* _What needs to be done_:
The line containing "Нас снова выручил" marks the end: copy exactly every line from the start of the records below up to and including it, leaving out pictures.

* _Data to use_:

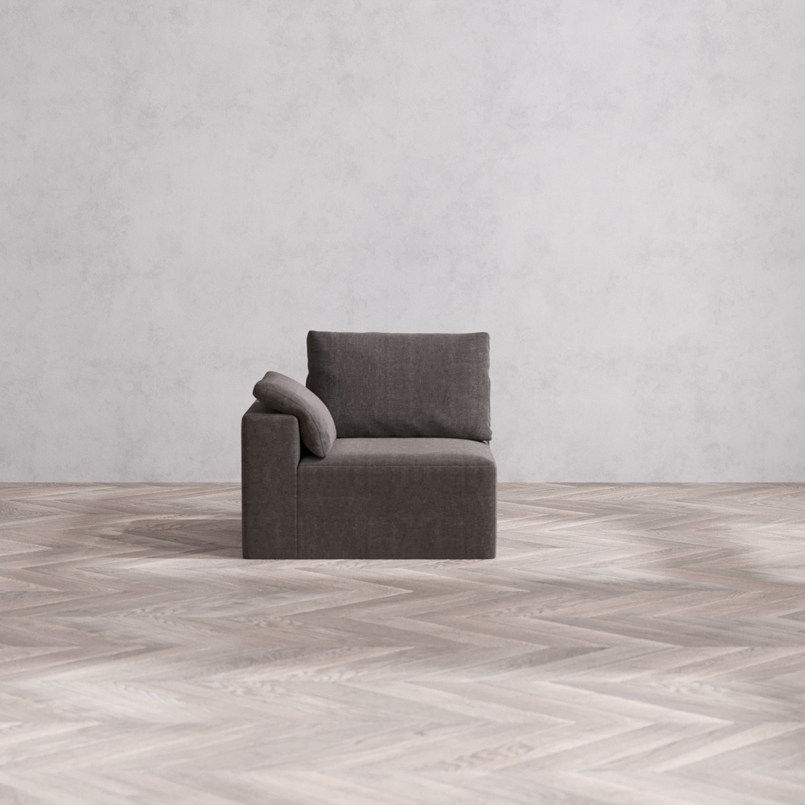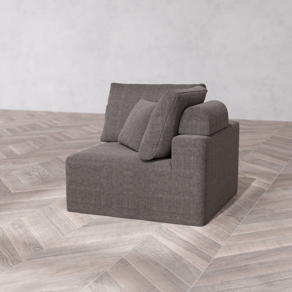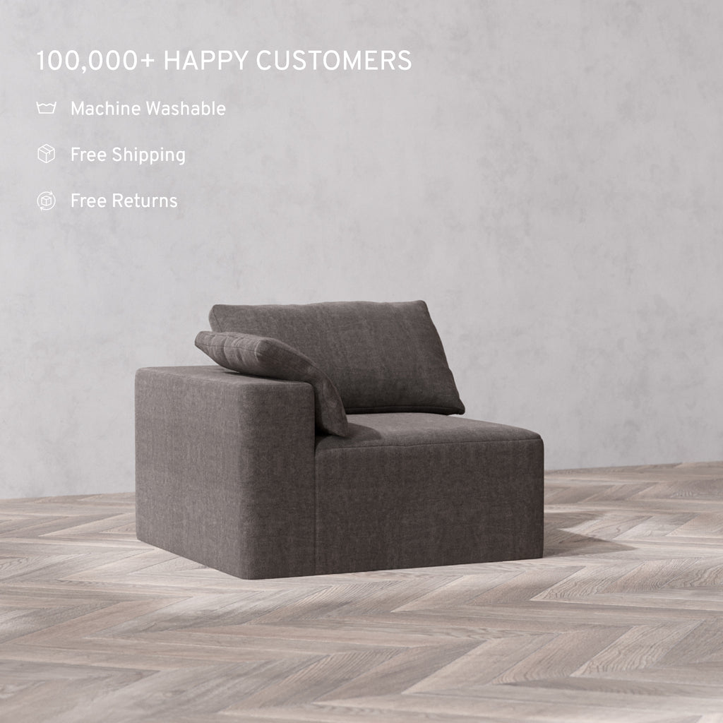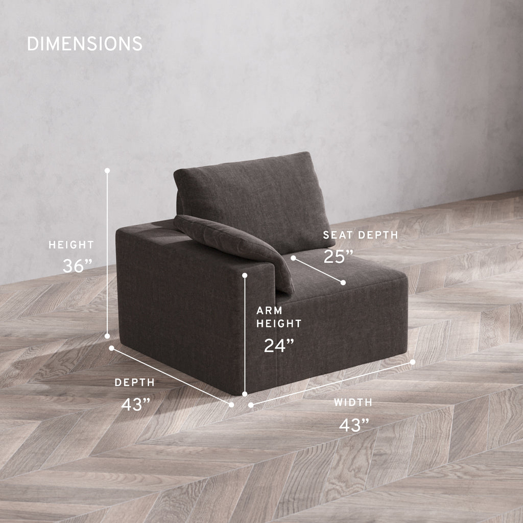 Modular Washable End Chair Cloud + Bolster Sofa | Left-Facing Arm | Heirloom Velvet in Truffle
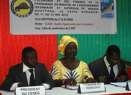 Les 11 et 12 mai se tient au sein de l’université de Ouagadougou un forum sur la Stratégie de Croissance Accélérée et de Développement Durable (SCADD), à l’initiative du Club des Etudiants en Sciences Economiques et de Gestion (CESEG). Une cadre donné aux participants pour scruter au fil des communications les opportunités de ce nouvel instrument du développement du Burkina Faso.
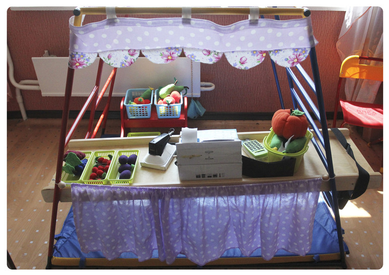 Нас снова выручил спорт-комплекс. Сшила на него накидку и, теперь у нас есть свой собственный действующий магазинчик.
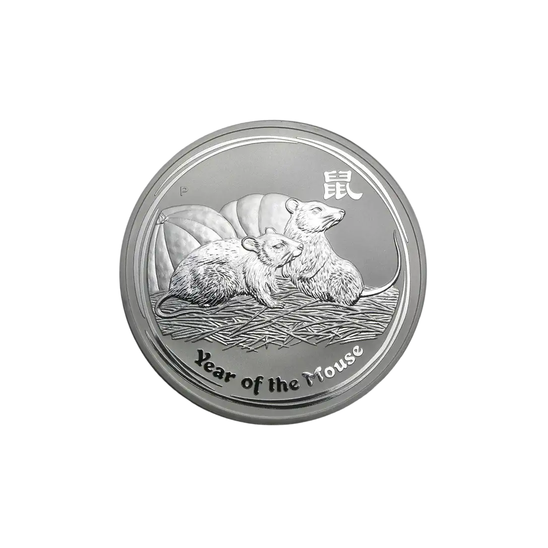 The reverse of the coin features two mice against a backdrop of straw sheaves, a reference to the Chinese zodiac sign symbolizing resourcefulness, intelligence, and prosperity. The design is subtle yet rich in detail, a feature that sets Australian minting apart from other bullion products. The obverse features the traditional image of Queen Elizabeth II along with the denomination and year of issue. This coin combines the qualities of pure investment silver with artistic craftsmanship, making it an excellent addition to any precious metals collection.
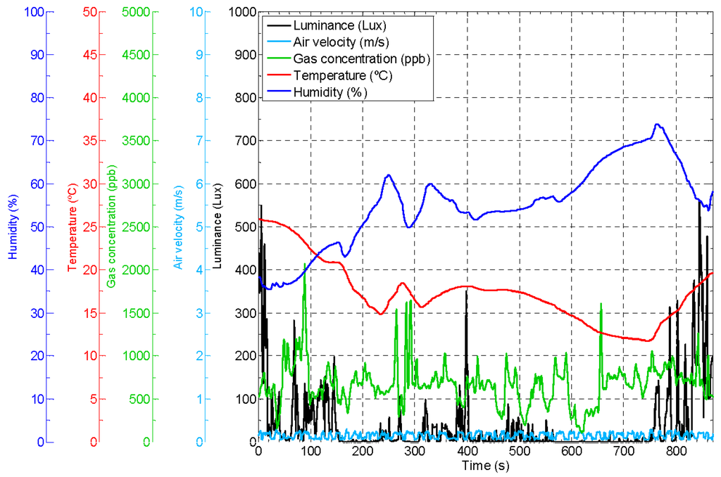 Figure 19 shows the ambient information gathered by the APR during a telecontrol experiment based on the methodologies presented in [29,30] with a common sampling sensory time of 1 s. Figure 19 show the temperature registered by the APR with extreme values of 26 °C in one room and 12 °C in another room with an open window (in winter). The humidity reached abnormal values when the APR was in the room with an open window. The luminance level was poor with the lowest values in an indoor corridor. The air velocity was always low and probably originated by the displacement of the APR. Finally, the measurement of volatile gas concentrations in the air can be performed by using one sensor per gas type or by the use of a versatile sensor [29], which can be configured to measure different gasses. In this case, a photo-ionization sensor (PID) was configured to measure acetone because this was a substance used in the area explored [30]. The results showed a low concentration of acetone in the air during the experiment. The APR can be used as a supporting tool to implement a mobile ambient monitoring platform and develop new assisted-living applications.
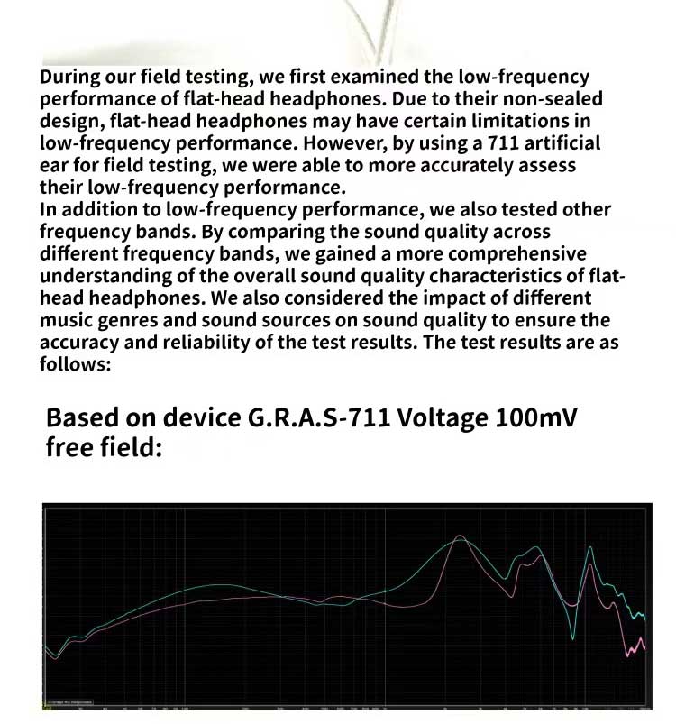 During our field testing, we first examined the low-frequencyperformance of flat-head headphones. Due to their non-sealeddesign,flat-head headphones may have certain limitations inlow-frequency performance. However, by using a 7l1 artificialear for field testing, we were able to more accurately assesstheir low-frequency performance.In addition to low-frequency performance, we also tested otherfrequency bands. By comparing the sound quality acrossdifferent frequency bands, we gained a more comprehensive understanding of the overall sound quality characteristics of flat-head headphones.We also considered the impact of differentmusic genres and sound sources on sound quality to ensure theaccuracy and reliability of the test results, The test results are asfollows:
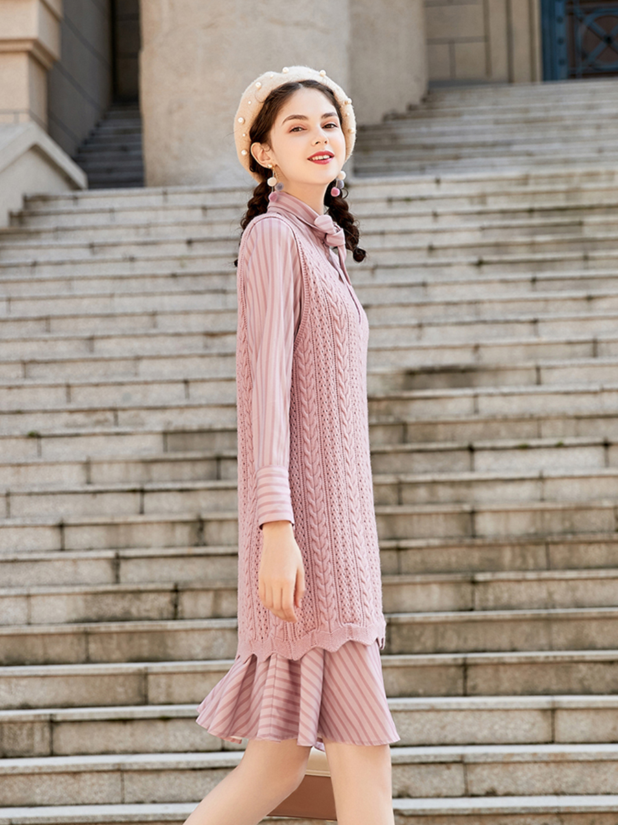 襯衫裙-粉紅色|針織背心-粉紅色

* _The answer_:
 Modular Washable End Chair Cloud + Bolster Sofa | Left-Facing Arm | Heirloom Velvet in Truffle
 Les 11 et 12 mai se tient au sein de l’université de Ouagadougou un forum sur la Stratégie de Croissance Accélérée et de Développement Durable (SCADD), à l’initiative du Club des Etudiants en Sciences Economiques et de Gestion (CESEG). Une cadre donné aux participants pour scruter au fil des communications les opportunités de ce nouvel instrument du développement du Burkina Faso.
 Нас снова выручил спорт-комплекс. Сшила на него накидку и, теперь у нас есть свой собственный действующий магазинчик.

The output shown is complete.